Task to carry out -
Using the records below, filter out every line that lacks "with" and copy the rest.

Provided data -
____________
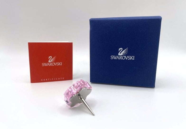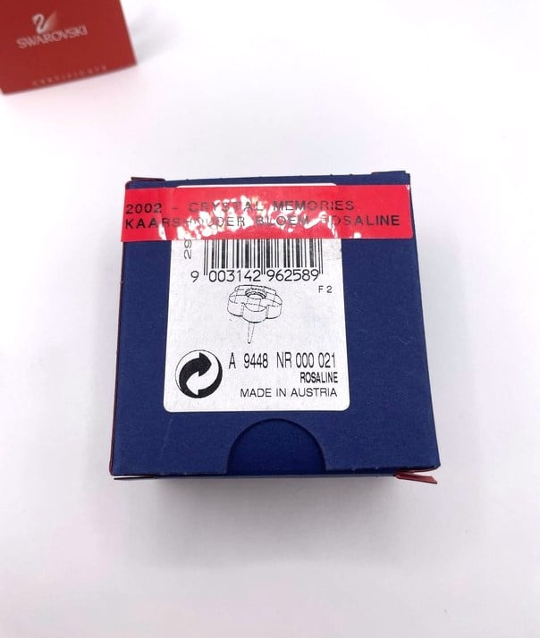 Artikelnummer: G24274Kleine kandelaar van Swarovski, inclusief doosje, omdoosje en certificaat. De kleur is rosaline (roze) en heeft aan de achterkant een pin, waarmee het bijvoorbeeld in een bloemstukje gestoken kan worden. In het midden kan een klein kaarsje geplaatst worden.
____________
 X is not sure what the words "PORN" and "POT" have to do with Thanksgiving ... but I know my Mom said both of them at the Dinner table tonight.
____________
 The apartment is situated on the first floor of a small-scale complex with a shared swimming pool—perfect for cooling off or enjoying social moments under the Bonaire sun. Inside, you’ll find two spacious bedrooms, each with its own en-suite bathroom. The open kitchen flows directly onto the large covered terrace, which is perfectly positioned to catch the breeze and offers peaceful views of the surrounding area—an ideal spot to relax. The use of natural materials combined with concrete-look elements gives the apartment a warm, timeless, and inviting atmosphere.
____________
Task answer -
 X is not sure what the words "PORN" and "POT" have to do with Thanksgiving ... but I know my Mom said both of them at the Dinner table tonight.
 The apartment is situated on the first floor of a small-scale complex with a shared swimming pool—perfect for cooling off or enjoying social moments under the Bonaire sun. Inside, you’ll find two spacious bedrooms, each with its own en-suite bathroom. The open kitchen flows directly onto the large covered terrace, which is perfectly positioned to catch the breeze and offers peaceful views of the surrounding area—an ideal spot to relax. The use of natural materials combined with concrete-look elements gives the apartment a warm, timeless, and inviting atmosphere.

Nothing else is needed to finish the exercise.